ACTION ITEM. Your task is to restate word for word the lines in the material below, from the one with "For example, if" up to and including the one with "フランスのレトロなチェーン リンク花中空ショート レース". Do not carry over the pictures.
-- EXERCISE MATERIALS follows --
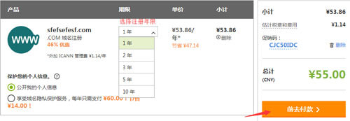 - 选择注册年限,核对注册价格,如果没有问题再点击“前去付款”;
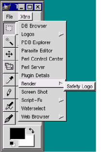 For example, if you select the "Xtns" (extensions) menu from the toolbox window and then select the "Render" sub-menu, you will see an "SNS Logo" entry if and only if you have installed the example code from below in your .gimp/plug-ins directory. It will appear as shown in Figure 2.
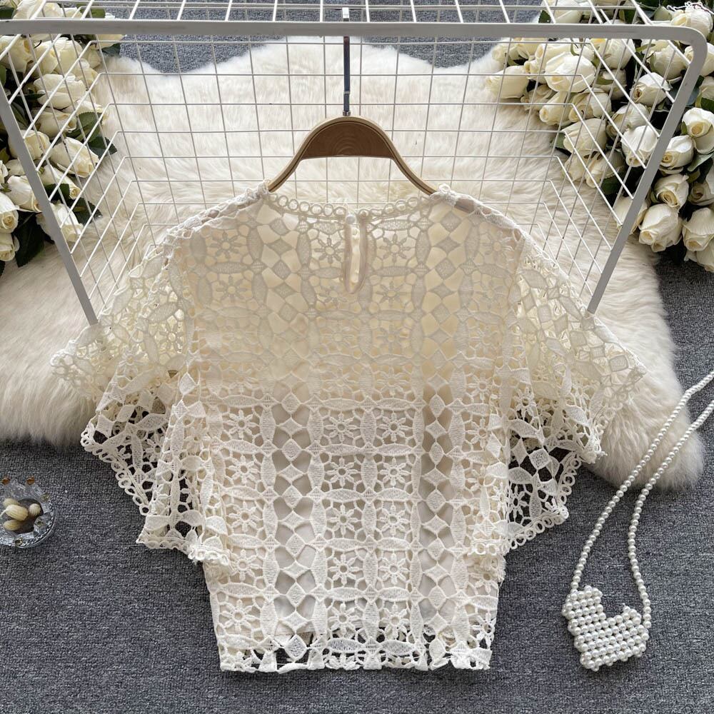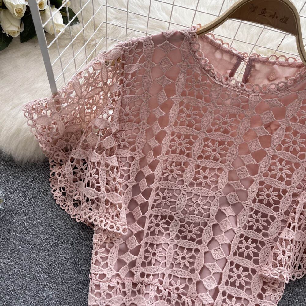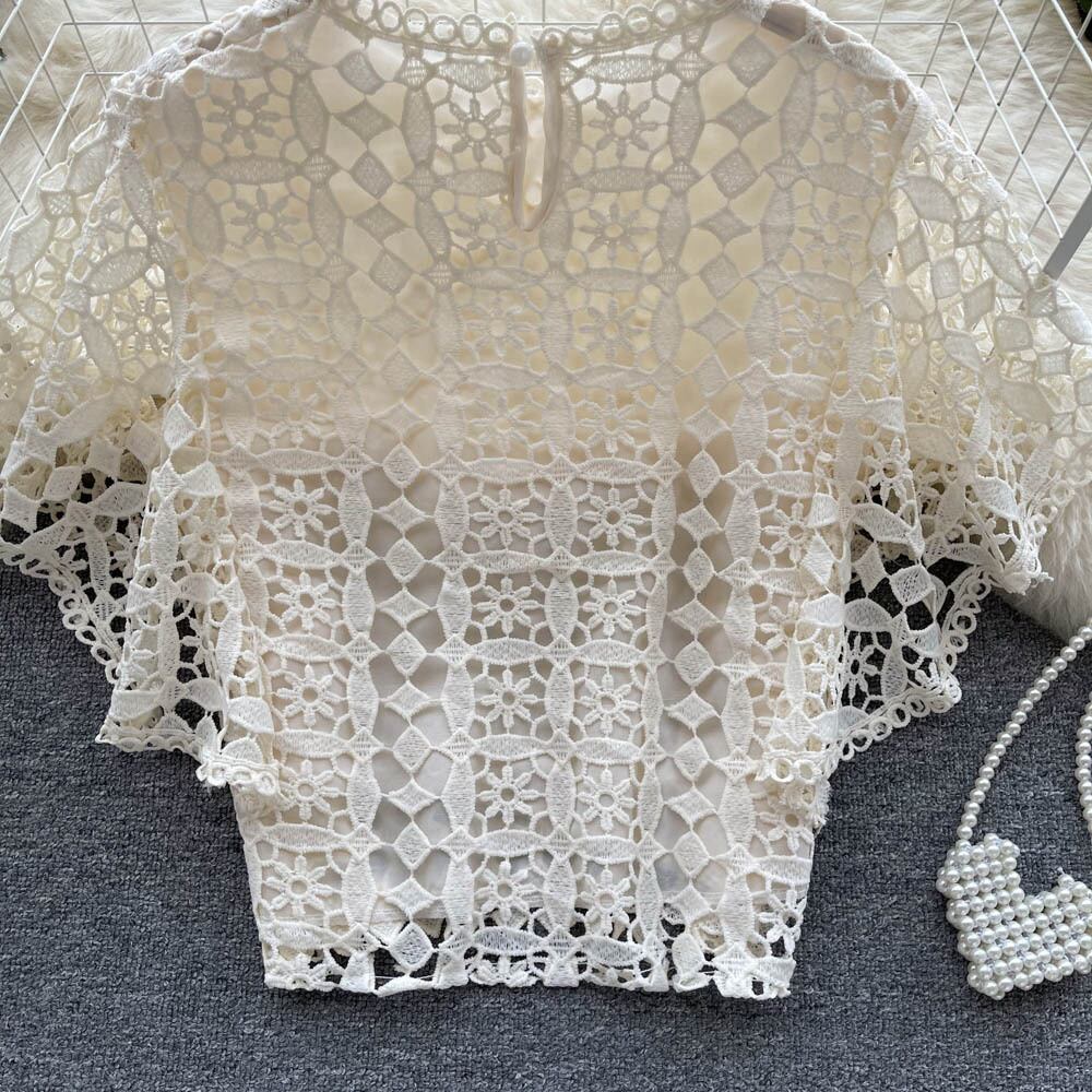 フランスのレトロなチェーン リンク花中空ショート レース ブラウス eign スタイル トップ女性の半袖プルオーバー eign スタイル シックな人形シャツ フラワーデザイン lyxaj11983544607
-- EXERCISE MATERIALS concluded --
-- EXERCISE MATERIALS follows --
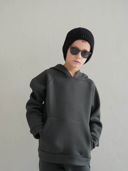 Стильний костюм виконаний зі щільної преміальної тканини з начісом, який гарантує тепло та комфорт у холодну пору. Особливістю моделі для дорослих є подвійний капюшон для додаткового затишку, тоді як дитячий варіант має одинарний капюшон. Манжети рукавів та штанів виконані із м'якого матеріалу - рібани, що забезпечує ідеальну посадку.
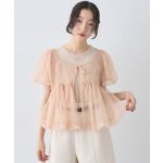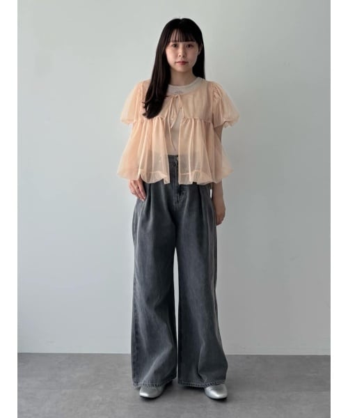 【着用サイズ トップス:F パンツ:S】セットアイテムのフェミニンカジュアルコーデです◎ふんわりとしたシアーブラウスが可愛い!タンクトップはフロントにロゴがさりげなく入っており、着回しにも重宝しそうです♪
-- EXERCISE MATERIALS concluded --
-- EXERCISE MATERIALS follows --
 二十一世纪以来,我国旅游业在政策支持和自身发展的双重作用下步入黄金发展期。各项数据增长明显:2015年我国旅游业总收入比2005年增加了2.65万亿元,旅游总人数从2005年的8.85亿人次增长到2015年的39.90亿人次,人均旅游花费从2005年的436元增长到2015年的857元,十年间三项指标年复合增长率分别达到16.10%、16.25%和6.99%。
-- EXERCISE MATERIALS concluded --
EXPECTED OUTPUT.
 For example, if you select the "Xtns" (extensions) menu from the toolbox window and then select the "Render" sub-menu, you will see an "SNS Logo" entry if and only if you have installed the example code from below in your .gimp/plug-ins directory. It will appear as shown in Figure 2.
 フランスのレトロなチェーン リンク花中空ショート レース ブラウス eign スタイル トップ女性の半袖プルオーバー eign スタイル シックな人形シャツ フラワーデザイン lyxaj11983544607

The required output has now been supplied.